Your task is to transcribe the data exactly while omitting each picture.

## Data shown
-.-.-
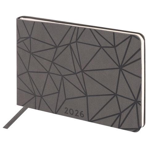 Еженедельник датированный 2026 МАЛЫЙ ФОРМАТ 105х160 мм, А6, BRAUBERG "Blaze", фольга, серый, 117218
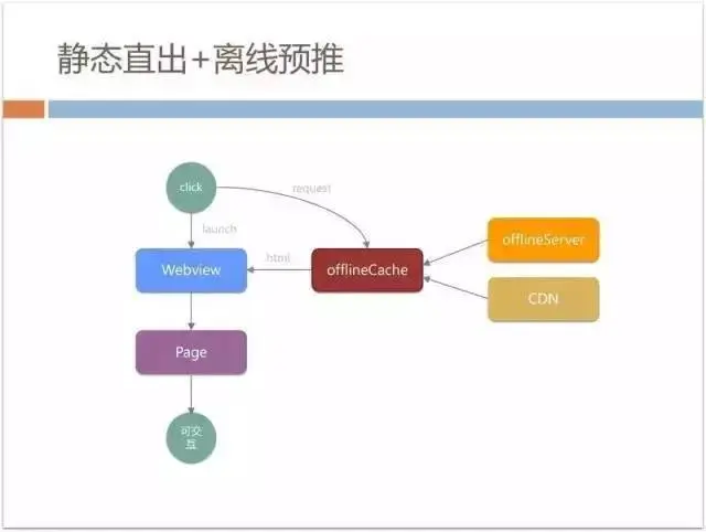如果offlineCache没有缓存才会去offlineServer去同步文件,同时也会去从CDN去下载更新。我们在CDN上存储的HTML已经把banner和item等所有的数据打在静态页面里,这个时候WebView只要拿到HTML就不需要再做refresh和执行任何JS,整个页面可以直接展示出来,用户也可以进行交互。
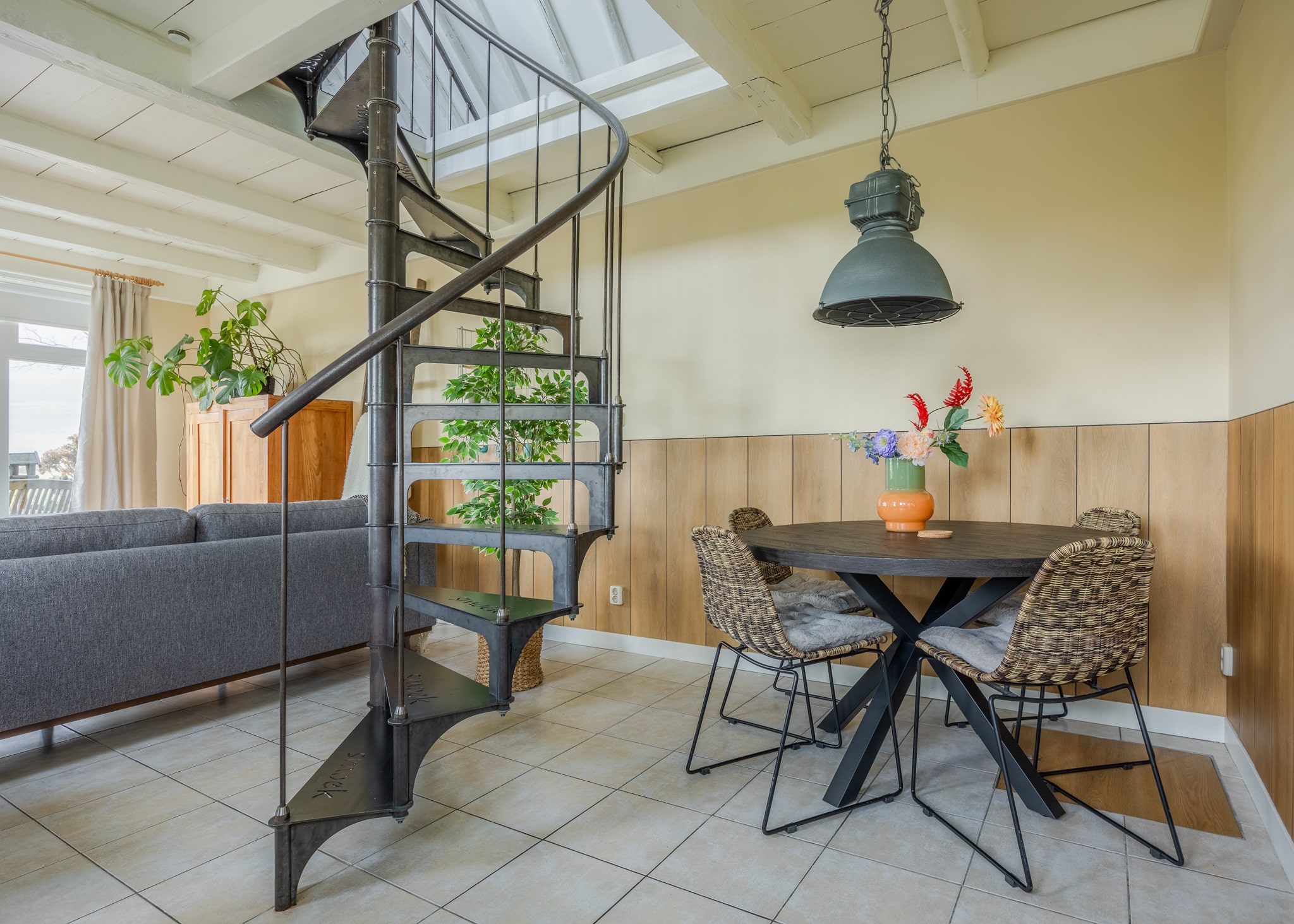De unieke trap naar de verdieping is gemaakt door Ensel staalkonstrukties uit Dokkum, en heeft als bijzonderheid dat de naam van ons huisje in elke trede staat. Dit geeft een heel bijzonder lichteffect wanneer het licht op de verdieping aan is en zo de uitsneden in de treden op de vloer projecteert.
-.-.-
## Result
 Еженедельник датированный 2026 МАЛЫЙ ФОРМАТ 105х160 мм, А6, BRAUBERG "Blaze", фольга, серый, 117218
如果offlineCache没有缓存才会去offlineServer去同步文件,同时也会去从CDN去下载更新。我们在CDN上存储的HTML已经把banner和item等所有的数据打在静态页面里,这个时候WebView只要拿到HTML就不需要再做refresh和执行任何JS,整个页面可以直接展示出来,用户也可以进行交互。
De unieke trap naar de verdieping is gemaakt door Ensel staalkonstrukties uit Dokkum, en heeft als bijzonderheid dat de naam van ons huisje in elke trede staat. Dit geeft een heel bijzonder lichteffect wanneer het licht op de verdieping aan is en zo de uitsneden in de treden op de vloer projecteert.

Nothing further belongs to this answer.